The complete script is [`examples/sensors/temperature_grid.py`](https://github.com/Genesis-Embodied-AI/genesis-world/blob/main/examples/sensors/temperature_grid.py), an interactive scene in which a hot pusher and dropped objects heat a sensorized platform.
## Minimal example
A temperature sensor attaches to one link of a rigid {doc}`entity `. `entity_idx` selects the entity and `link_idx_local` the link within it; `grid_size` sets the resolution as `(nx, ny, nz)`.
```python
temperature_sensor = scene.add_sensor(
gs.sensors.TemperatureGrid(
entity_idx=platform.idx,
link_idx_local=0,
grid_size=(10, 10, 1), # (nx, ny, nz) voxels over the link's local bounding box
properties_dict=properties_dict,
ambient_temperature=22.0, # °C
convection_coefficient=0.0, # W/(m²·K); 0.0 disables surface cooling
draw_debug=True,
debug_temperature_range=(0.0, 80.0), # °C mapped to the blue→red debug colors
)
)
scene.build()
```
After the scene is built, `read()` returns the current temperature field:
```python
data = temperature_sensor.read() # shape ([n_envs,] nx, ny, nz), in °C
t_min, t_max = float(data.min()), float(data.max())
```
The `[n_envs,]` axis is present only when the scene is built with multiple {doc}`environments `; a single-environment scene returns a plain `(nx, ny, nz)` tensor.
## Material properties
Heat only flows between links that carry thermal properties. You supply these through `properties_dict`, which maps a global rigid-link index to a `TemperatureProperties` entry. Key `-1` is the default applied to any link not listed explicitly; omit it and unlisted links are ignored in contacts entirely.
```python
properties_dict = {
-1: gs.sensors.TemperatureProperties( # default for unlisted links
base_temperature=-40.0,
conductivity=200.0,
density=2000.0,
specific_heat=1.0,
emissivity=0.85,
),
platform.base_link_idx: gs.sensors.TemperatureProperties(
base_temperature=22.0, # room temperature
conductivity=100.0,
density=1000.0,
specific_heat=0.2,
emissivity=0.4,
),
pusher.base_link_idx: gs.sensors.TemperatureProperties(
base_temperature=200.0, # hot
conductivity=1000.0,
density=2000.0,
specific_heat=1.0,
emissivity=0.8,
),
}
```
Each field has a fixed unit:
| Field | Meaning | Unit |
|---|---|---|
| `base_temperature` | Resting temperature of the material | °C |
| `conductivity` | Thermal conductivity | W/(m·K) |
| `density` | Mass density | kg/m³ |
| `specific_heat` | Specific heat capacity | J/(kg·K) |
| `emissivity` | Radiative emissivity, `0`–`1` | — |
`properties_dict`, `ambient_temperature`, and `convection_coefficient` are shared across every temperature sensor in the scene: the dictionaries are merged, and the last ambient and convection values set win.

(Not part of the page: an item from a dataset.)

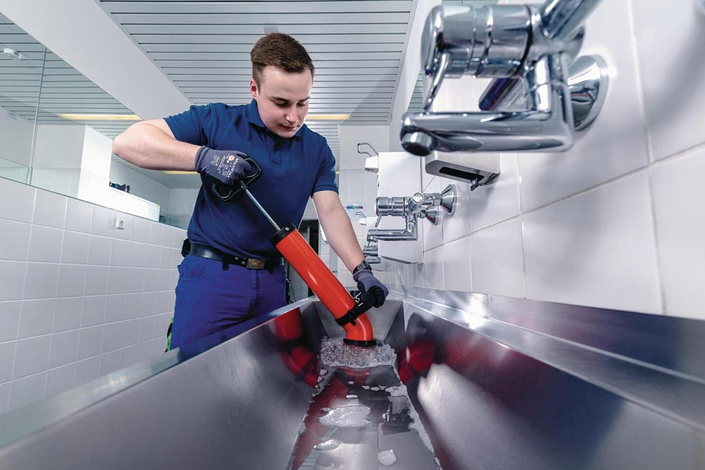 mit breitem Adapter · optimales Einsteigerwerkzeug für für Installateure, Hausmeisterservice und Rohrreiniger zum schnellen Beseitigen einfacher Verstopfungen in Anschlussleitungen von Wasch- und Spülbecken, Wannen und Toiletten mittels Saug/Druck-Prinzip

## Behavior and guarantees
- **Frame and layout.** The grid is defined in the link's local frame and spans its bounding box, so it moves and rotates with the link. Cell `(0, 0, 0)` is the corner of the bounding box; `grid_size=(10, 10, 1)` is a single-layer 10×10 sheet, useful for a flat surface like the platform above.
- **Units.** All temperatures are in degrees Celsius, on input (`base_temperature`, `ambient_temperature`) and on output (`read()`). `ambient_temperature` defaults to 21 °C.

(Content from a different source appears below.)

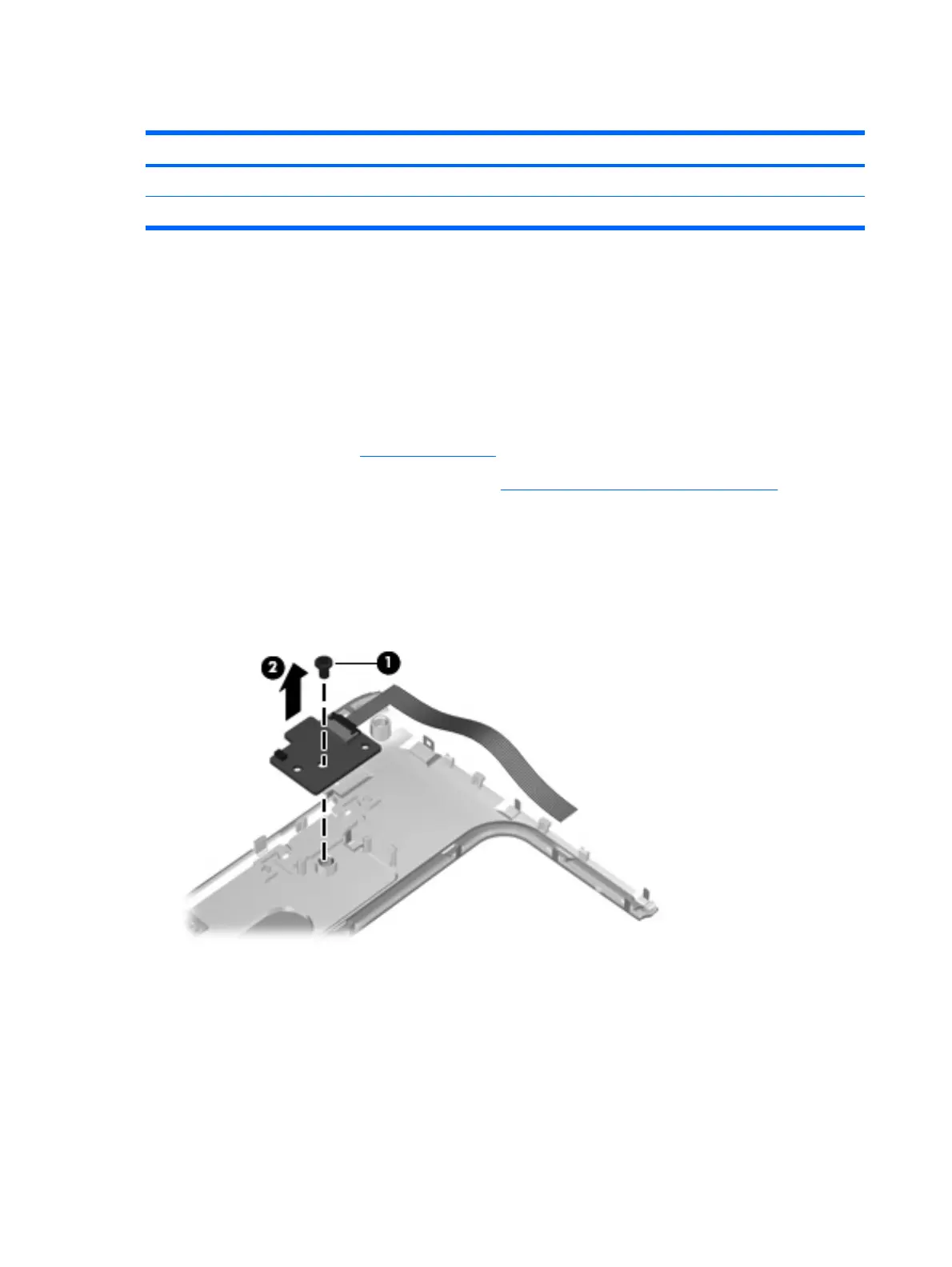 2. Remove the Phillips PM2.5×4.0 screw (1) that secures the power button board to the switch cover.

- **Convection.** `convection_coefficient` is the surface cooling coefficient *h* in W/(m²·K) and defaults to 1.0. Set it to 0.0 to disable convective cooling, as the example does.
- **Unlisted links.** With `simulate_all_link_temperatures=False` (the default), links other than the sensor's own are treated as adiabatic: they exchange no heat and stay at their `base_temperature`. Set it to `True` to evolve the temperature of every link that has thermal properties; the per-link values are then available on the `link_temperatures` attribute.
- **Heat generation.** Pass `heat_generation` (a per-cell array matching `grid_size`, in W/m²) to inject heat into specific cells, for example to model a heating element embedded in the link.
:::{tip}
`draw_debug=True` colors each cell in the viewer from blue (cool) to red (hot), mapped across `debug_temperature_range` in °C. It is a visualization aid only and does not affect the values `read()` returns.
:::
## See also
- {doc}`Sensors `: the sensor pipeline, batched reads, and history.
- {doc}`Recording data `: saving sensor data alongside the simulation.